Until a few years ago you were perfectly content with keeping an agenda in your pocket and pictures in your living room's drawer. A minimum of privacy is of course needed and welcome; however, unless you're planning a major terror attack, or strategic war plans, or you have incredibly valuable industrial secrets (all cases in which you'll probably be using specialized SW to keep your information) you don't really need incredibly advanced security simply because nobody is going to spend vast amounts of time and resources to uncover your little secrets. The GP is talking about switching phone (spending money) to obtain a level of security that he won't need in a million years.
only because they weren't (thought to be) subject to casual perusal by unknown entities. this is a silly thing to even mention.
> unless you're planning a major terror attack
ah, the "if you don't have anything to hide" rhetoric. do you really buy that?

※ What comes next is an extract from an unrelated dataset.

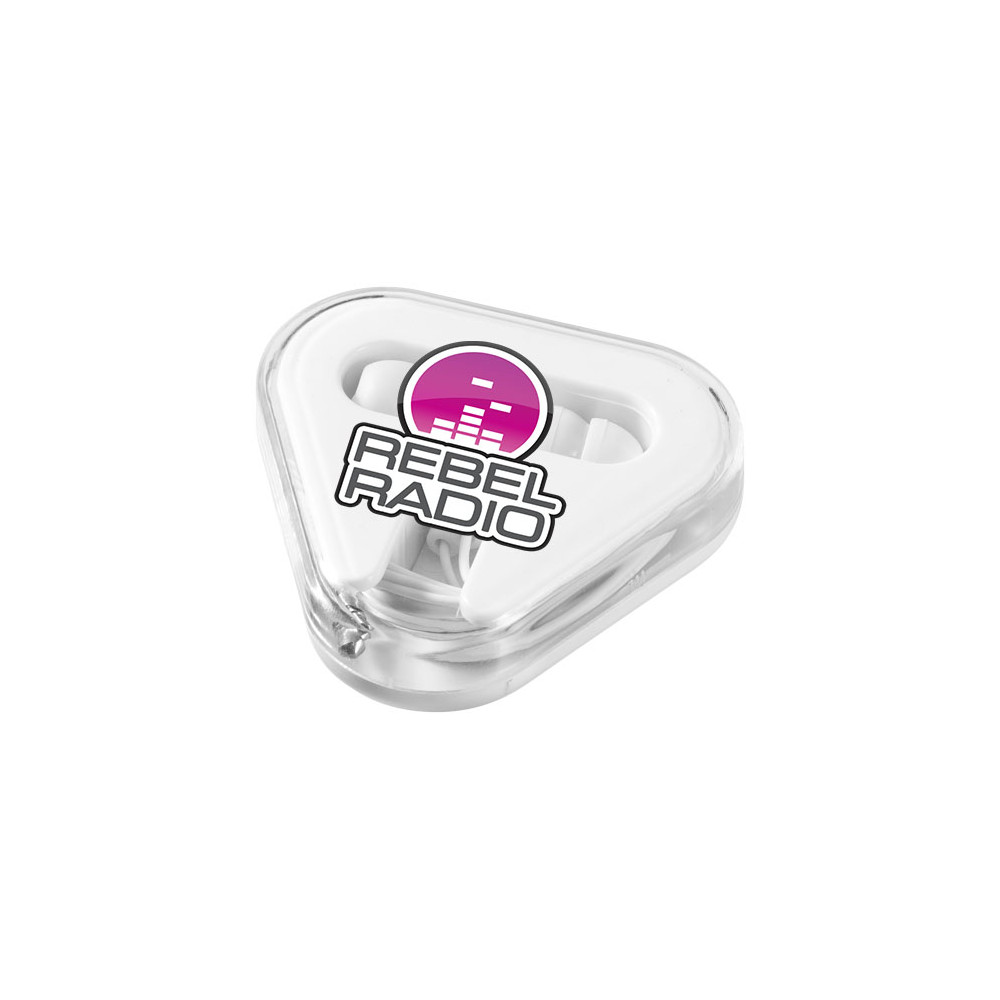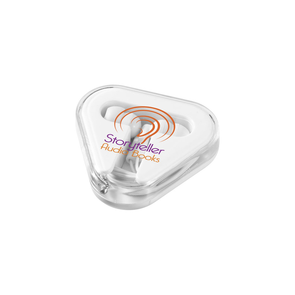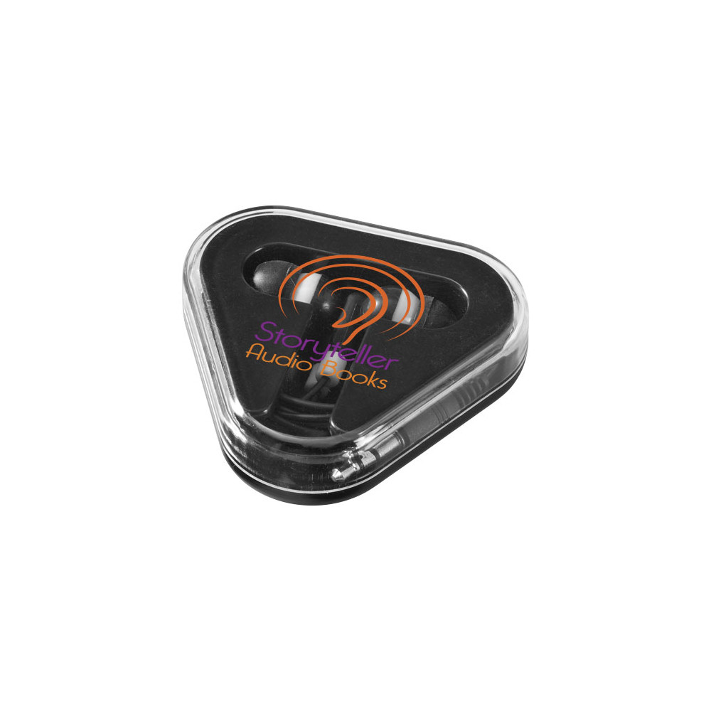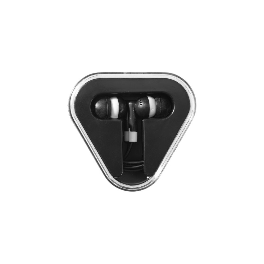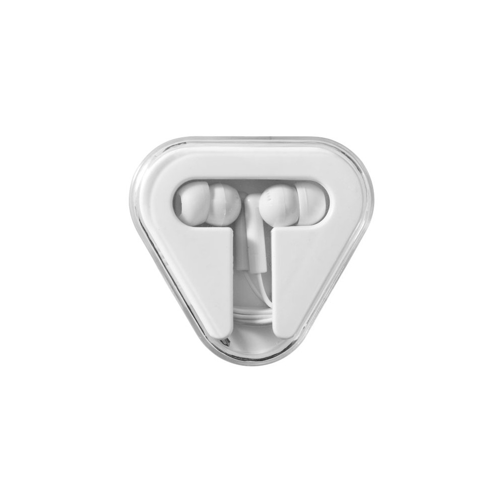 Plastikowe trójkątne etui z miejscem na schowanie kabla. Słuchawki kompatybilne z każdym standardowym urządzeniem z audio jack 3,5 mm.

> a level of security that he won't need
unless there is some nontrivial cost or burden associated, it's a red herring to belabor whether it's "too strong" or "more than needed".
This morning I was having a conversation with my fiancee, who said "if the US government gets a warrant they can open your mail, they can tap your phone calls, they can come into your house and search -- why should your phone be some sort of zone they cannot search even with a warrant?"
I happen not to agree but this is not some wacko view.
As to why they disagree: HN's audience is not representative of the general citizenry. We're better informed about technical security matters (or we like to think we are, at least). I suspect that correlates with being less willing to trust security to the goodwill of third parties.
"If you aren't doing anything wrong, what do you have to fear."
"If you do want something private then you must be doing something wrong, ARE YOU A TERRORIST!?!?!?!"